Speaking at the Second International Summit of the Book on Friday, Mr Heng said there is a need to place greater emphasis on critical and inventive thinking.
Whether it is a papyrus, print or the iPad, it seems that books are here to stay.
Professor Tommy Koh, chairman of the Organising Committee of the Second International Summit of the Book, and Ambassador-at-Large, said: “I think the book will endure to the end of time.
“But the form of the book has changed and will change. The container will change, the platform on which we read the book will also change.
“My children, for example, prefer to read the book either on the computer, on the iPad, on the tablet and other electronic forms. I still prefer the printed book. But in one form or another, the book will endure. There can be no human civilisation without books.”
But the question is whether readers are able to discern truths from untruths, especially in an era that is inundated with information.
Mr Heng said: “Some fear that the technologically sophisticated books of the future will dull the mind, as we no longer bother to use our imagination to render words into sounds and images.

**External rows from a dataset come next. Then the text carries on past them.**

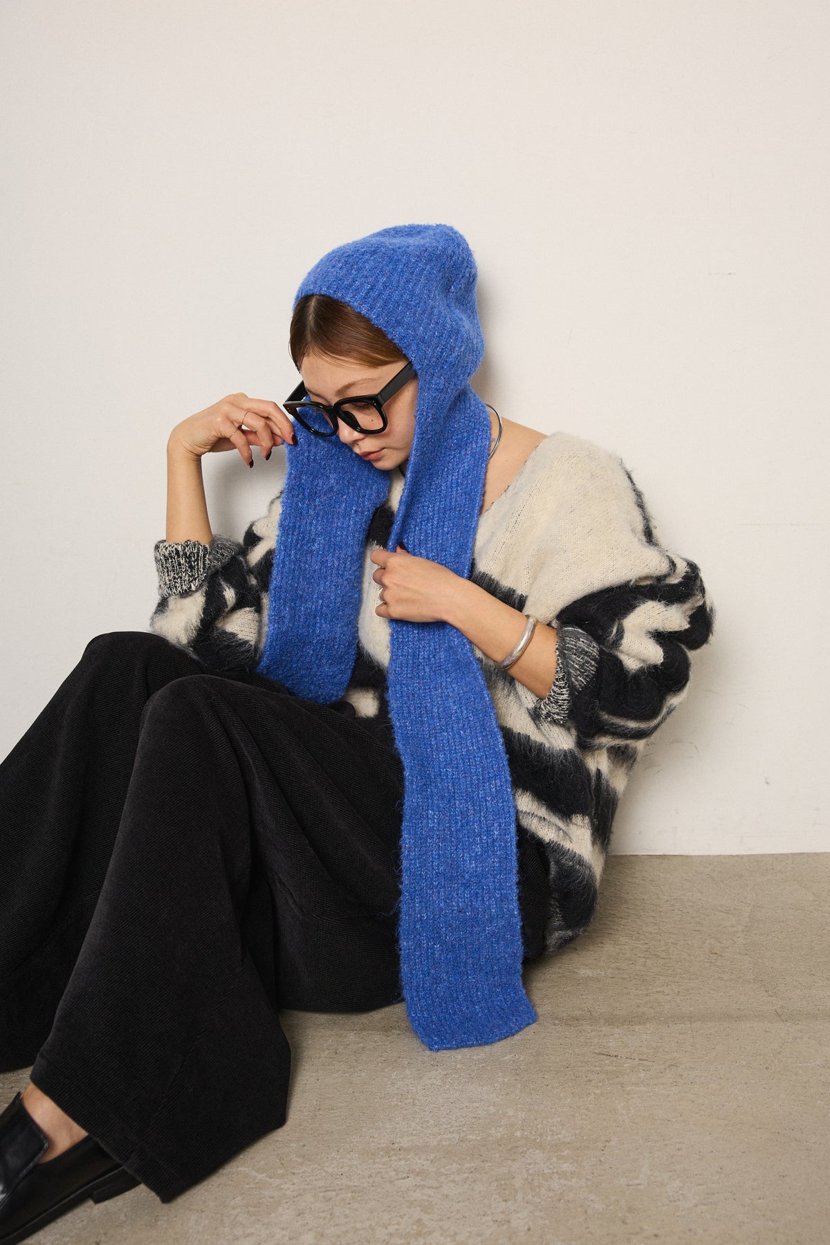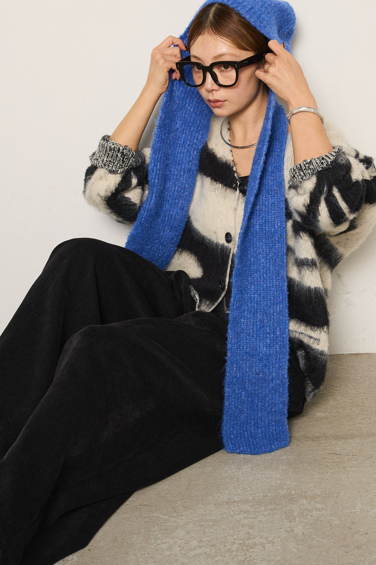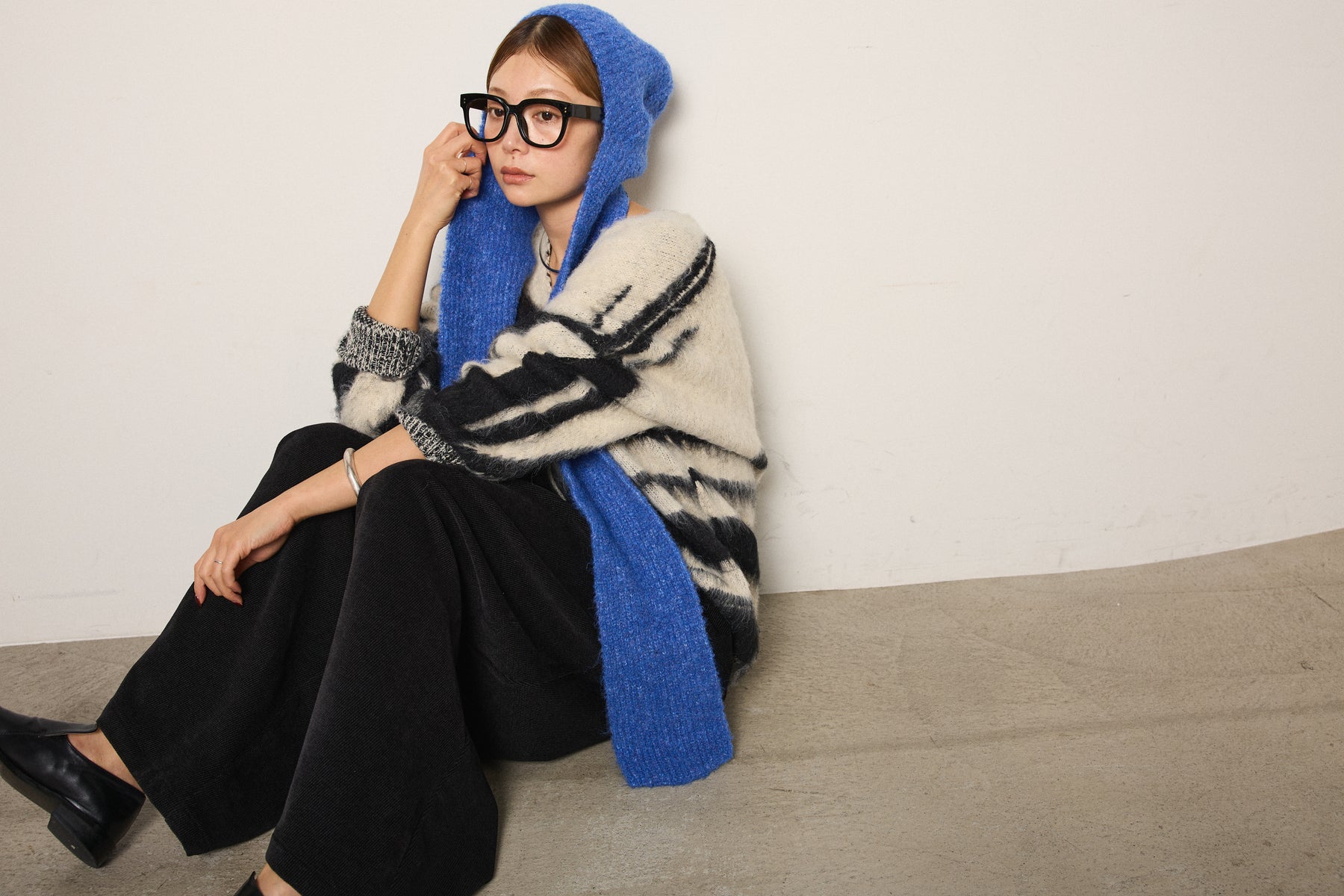 耳まで包み込むブークレー素材のイヤーフラップビーニー。ふっくらとした編地が軽やかで、柔らかな被り心地が魅力です。長めのフラップは垂らしても結んでも形が決まり、スタイリングのアクセントとして存在感を発揮。防寒性とデザイン性を兼ね備えたアイテムで、コーデに遊び心を添えたい日におすすめです。
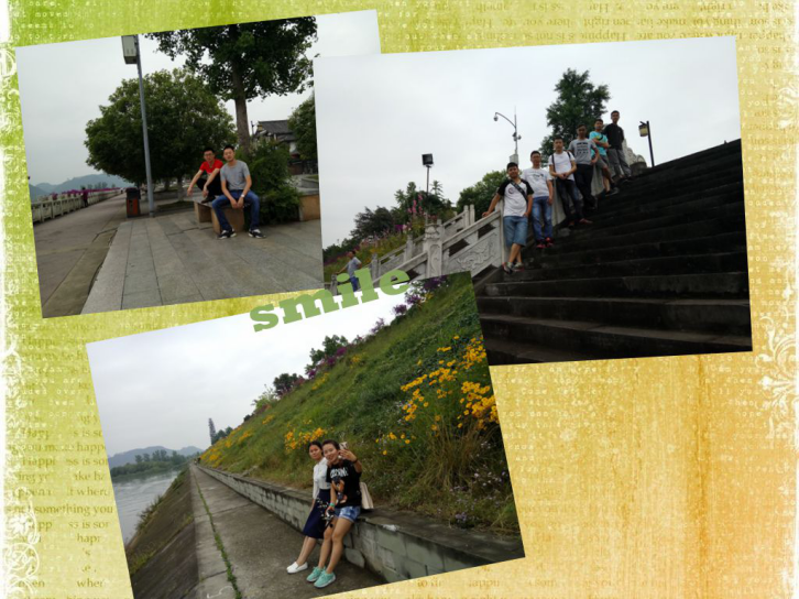 出南门,江对岸锦屏山遥??杉?,徒步嘉陵江江滨,空气格外清爽,这时节并不是旅游旺季,江边游客不会太多,加上天气正好,心情顿觉畅然。献上市场部6人组靓照。
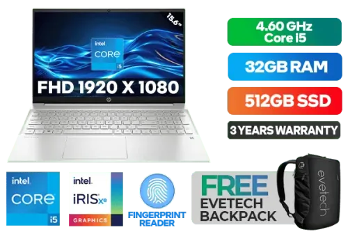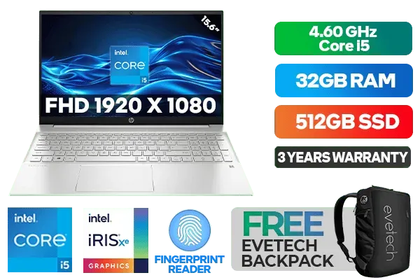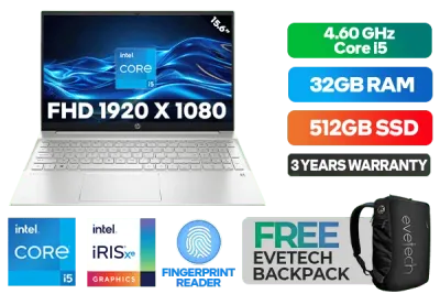 HP Pavilion 15-eg3002ni 7Z8S9EA 13th Gen Intel® Core™ i5-1335U up to 4.60GHz Processor, 12MB Cache, 10x Cores, 12x Threads / 32GB DDR4 RAM / 512GB Ultra-Fast NVMe SSD / 15.6" FHD 1920x1080 Anti-glare IPS-level Micro-edge Display / Integrated Intel® Iris® Xe Graphics DirectX 12 Graphics / Windows 11 Home (64bit) / Fingerprint Reader / Realtek WiFi 6 Wireless LAN / Bluetooth 5.2 / HP Wide Vision 720p HD Camera with Integrated Dual Array Digital Microphones / 2x SuperSpeed USB Type-A / 1x USB Type-C / 1x HDMI / 1x Headphone and Microphone Audio Combo Jack / No DVD Drive Included / White Backlit Keyboard / HP Pavilion 15-eg3002ni 13th Gen Intel® Core™ i5 laptop DealHP Pavilion 15-eg3002ni 7Z8S9EA 13th Gen Intel® Core™ i5-1335U up to 4.60GHz Processor, 12MB Cache, 10x Cores, 12x Threads / 32GB DDR4 RAM / 512GB Ultra-Fast NVMe SSD / 15.6" FHD 1920x1080 Anti-glare IPS-level Micro-edge Display / Integrated Intel® Iris® Xe Graphics DirectX 12 Graphics / Windows 11 Home (64bit) / Fingerprint Reader / Realtek WiFi 6 Wireless LAN / Bluetooth 5.2 / HP Wide Vision 720p HD Camera with Integrated Dual Array Digital Microphones / 2x SuperSpeed USB Type-A / 1x USB Type-C / 1x HDMI / 1x Headphone and Microphone Audio Combo Jack / No DVD Drive Included / White Backlit Keyboard / HP Pavilion 15-eg3002ni 13th Gen Intel® Core™ i5 laptop Deal [7Z8S9EA/32GB] / 3 YEARS WARRANTY / [+] GET FREE EVETECH NEO Premium Gaming Backpack+ FREE DELIVERY !
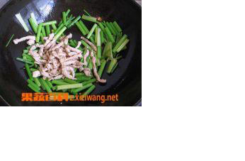 2. 热锅,倒油,油热后,关小火,倒入肉片,翻炒。
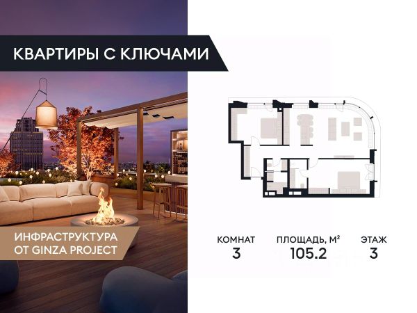 Квартира с двумя спальнями общей площадью 102 м² на 8-м этаже в комплексе премиум-класса Victory Park Residences в 8-м корпусе.
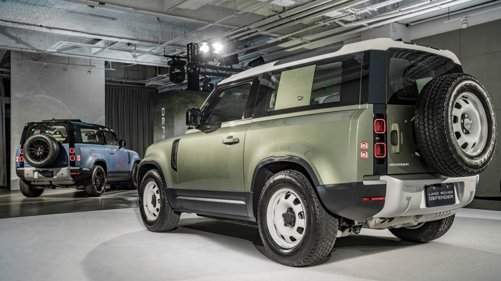 - The New Land Rover Defender 90擁有不可錯認的三門經典外型,以現代設計語彙重新雕塑更為完美的車身比例。另有4款風格機能套件與90車型獨有的折疊式帆布車頂可供選配,讓消費者打造自我專屬的風格坐駕。
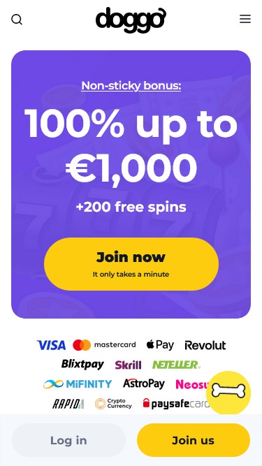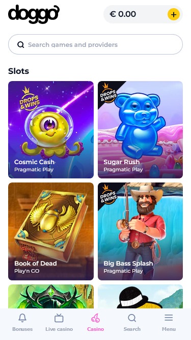 我们已经提到,Doggo 在选择在线赌场软件开发商方面做出了一些不错的选择。合作伙伴包括 Microgaming、Quickspin、 Relax Gaming 、Evolution Gaming……经验丰富的玩家可能已经认出了他们最喜欢的一些在线赌场游戏的开发者!
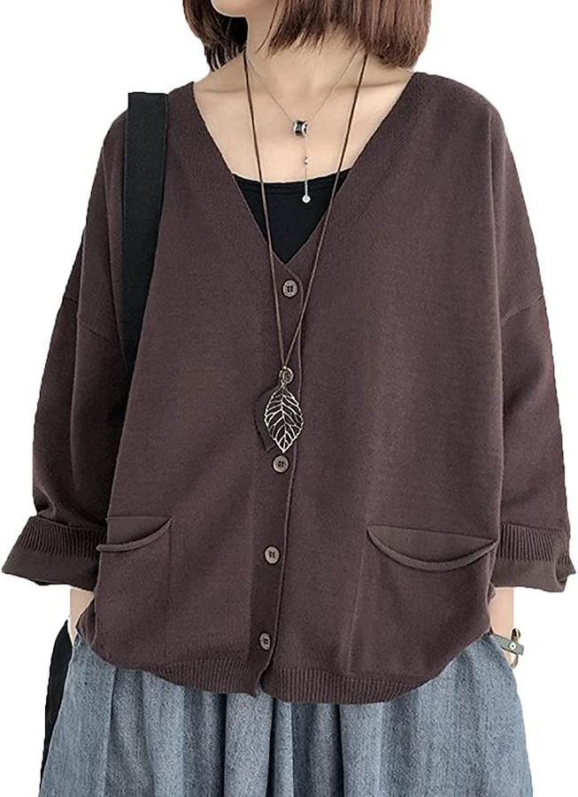 ・程よい抜け感とゆるっとしたフォルムが可愛いVネックカーディガン。
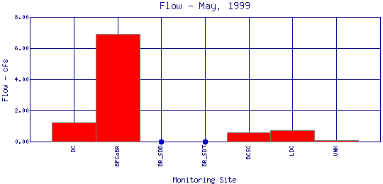 Flow is the volume of water moving past a point in a unit of time. Two things make up flow: the volume of water in the stream, and the velocity of the water moving past a given point. Flow affects the concentration of dissolved oxygen, natural substances, and pollutants in a water body. Flow is measured in units of cubic feet per second (cfs). Peak flows for Boulder Creek in the spring can reach as high as 300-800 cfs and as low as 10-50 cfs in the fall months.
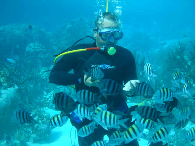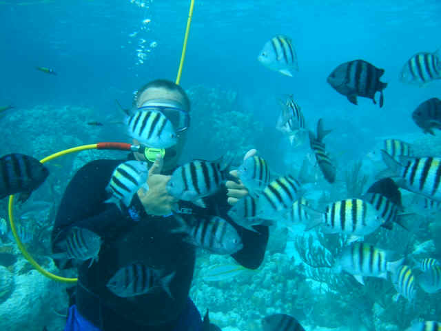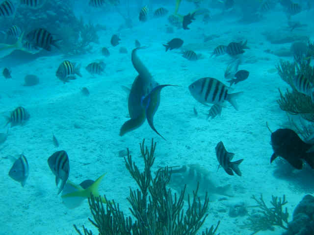 A huge ball of grooved brain coral The rainbow parrotfish Mike, I would love one of these! Elkhorn coral Didit at anchor on Chicken Cay just before we split up Bonvoyage Didit, it was great hangin' with you!!

“They worry too that we will forget to think for ourselves after we close the book because social media offers such an array of ready-made opinions that we will just pick one off the virtual shelf rather than form our own.
“We need to place greater emphasis on critical and inventive thinking, so that we may go on to imagine and create new insights.
“At the workplace, as the information revolution transforms the nature of work, our ability to move from theory to practice, to apply learning imaginatively in different contexts, and to create new knowledge, will become increasing valuable.”